Abstract
Numerous investigations in the last few years have indicated that the effect of administering anterior hypophyseal substances is different from that with the gonadotropic substances found in pregnancy urine. The tests are many: differential morphological changes in mice ovaries (Engle); limitation of the size of the immature rat ovary irrespective of dosage of prolan (Evans); negative response of prolan in birds (Riddle, Schockaert, Reiss); differential effect on hypophysectomized animals (Reichert, Kraul, Smith and Leonard, White and Leonard, Collip and Selye, Wade); and the relative ovulating doses in rabbits (Leonard).
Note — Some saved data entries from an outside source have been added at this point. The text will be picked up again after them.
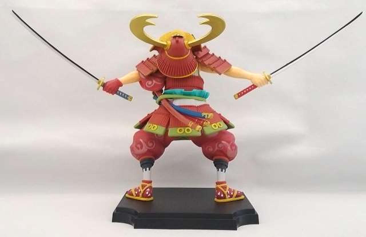 作中でも印象的な鎧を武装した「ルフィ太郎」を再現したフィギュアです。出陣を目前に、士気の高まりが感じられる表情、腰を落とした力強いポージング、さらに細部までこだわり抜いた鎧の造形、彩色など…見どころ満載&豪華絢爛な仕上がりとなっています! |
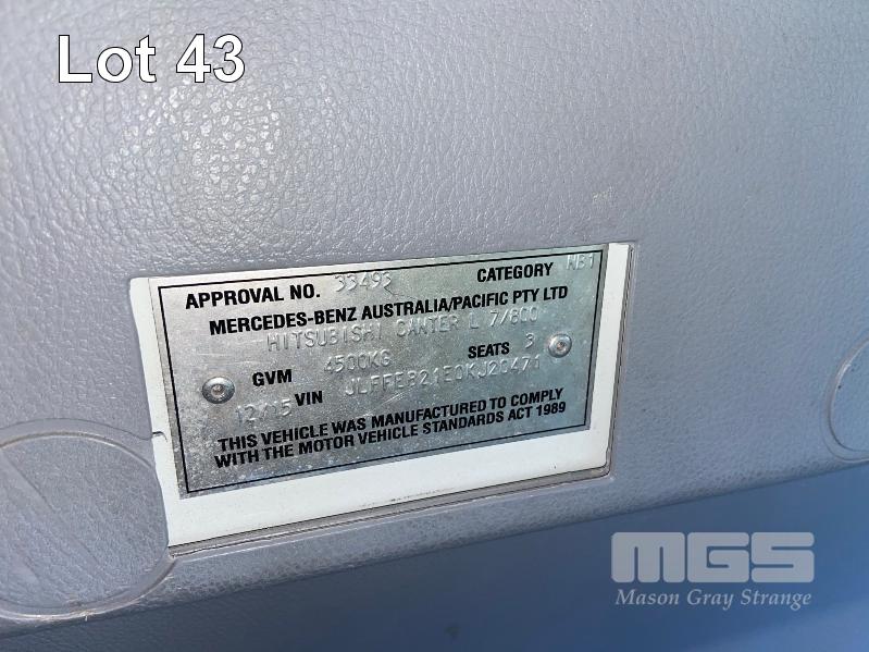 2015 FUSO CANTER PANTEC TRUCK REG: S672 CNS VIN: JLFFEB21EOLJ20471 ODO: 156,933kms SHOWING GVM: 4,500kg GCM: 8 TONNE AUTOMATIC TRANSMISSION, 3 SEAT, MOD: FEB21ER3SFAC 4.2 (L) x 2.3m (W) INSIDE DHOLLANDIA TAILGATE TOUCH SCREEN NOT OPERATIONAL
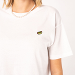Super hochwertiges Bio Baumwoll Cropped T-Shirt mit gesticktem Hot Dog  Design in drei verschiedenen Schnitt-Varianten: Ripped, Regular & Oversized
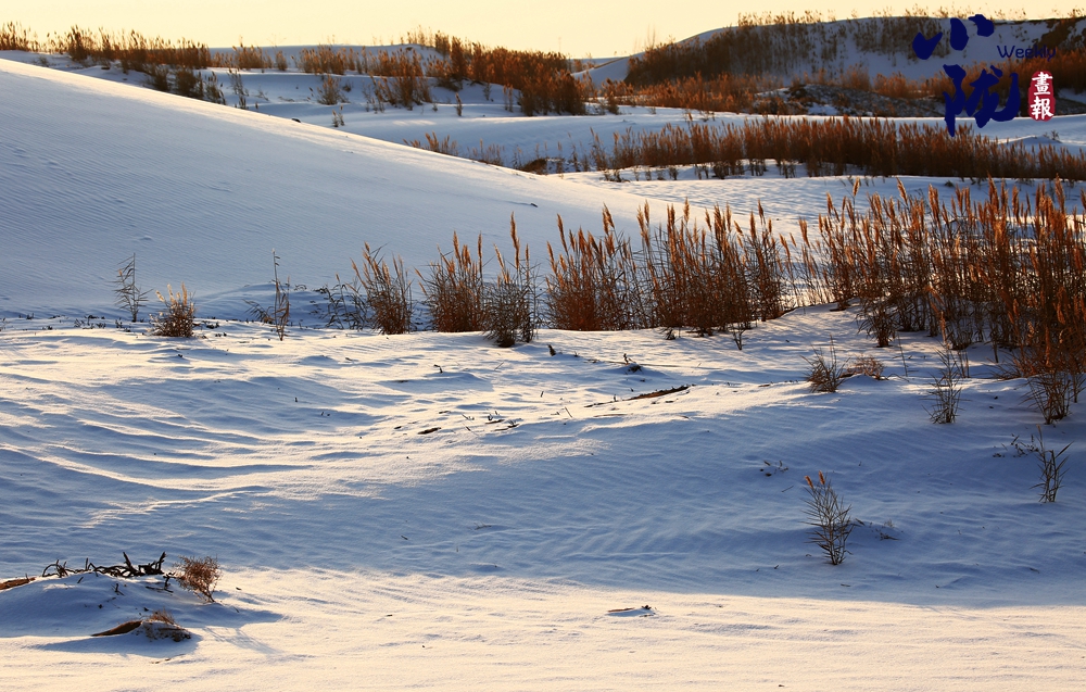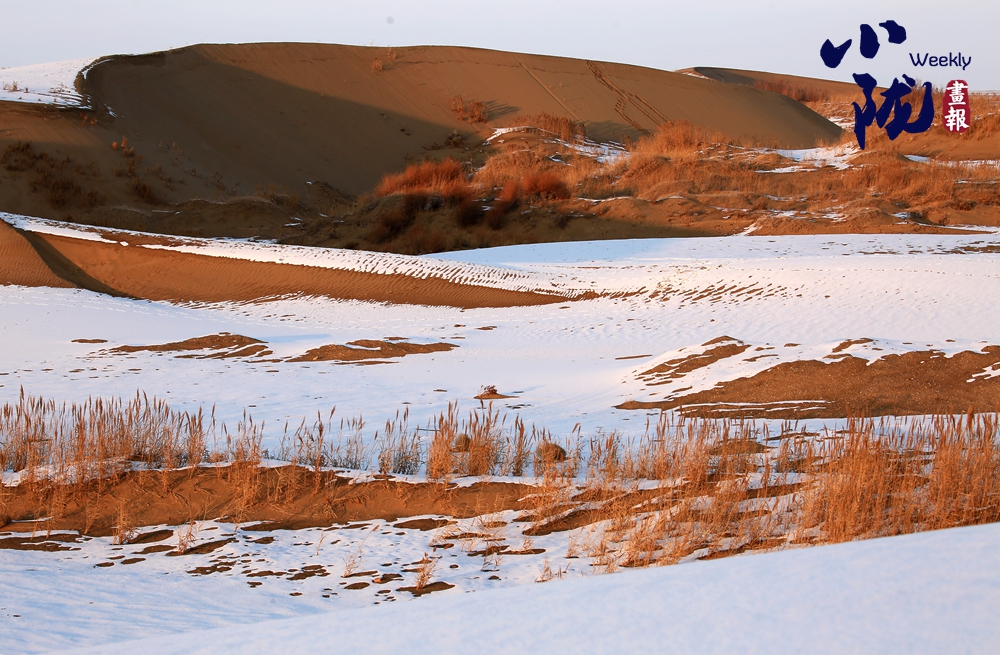 白雪覆蓋著金黃沙丘,而枯黃的蘆葦仍倔強(qiáng)生長于沙地之間。這不僅是色彩的疊映,更構(gòu)成了一幅堅韌的畫卷:冷與暖、靜與動,在遼闊的天地間,交織成一篇關(guān)于守望與重生的故事。

In all cases heretofore, the action of prolan was compared with that of the hypophysis of species other than human, namely, the cow and sheep. Recently, it was shown that the human hypophysis was unlike prolan when tested by the ovulation test method (Leonard 1 ) in which the minimal ovulating dose in rabbits in terms of rat units equalled 1/4 R.U., whereas with prolan it equalled 2 R.U. In this paper it will be reported that the human hypophysis is unlike prolan when tested by other methods.
There is a limit of response to increasing doses of prolan in ovarian enlargement in immature rats which is about 60 mg. (Evans). Twenty immature female rats were injected with doses from 1 mg. to 10 mg. equivalent of dried human anterior pituitary for 5 days. In all cases, the vaginas opened with marked oestrus effects and on the largest doses, the ovaries weighed up to 187 mg. Contrasting to this, 100 to 400 R.U. of prolan produced ovaries weighing only 45 mg. According to this test method, the action of the human hypophysis resembles the hypophyseal action of other species and is different from prolan.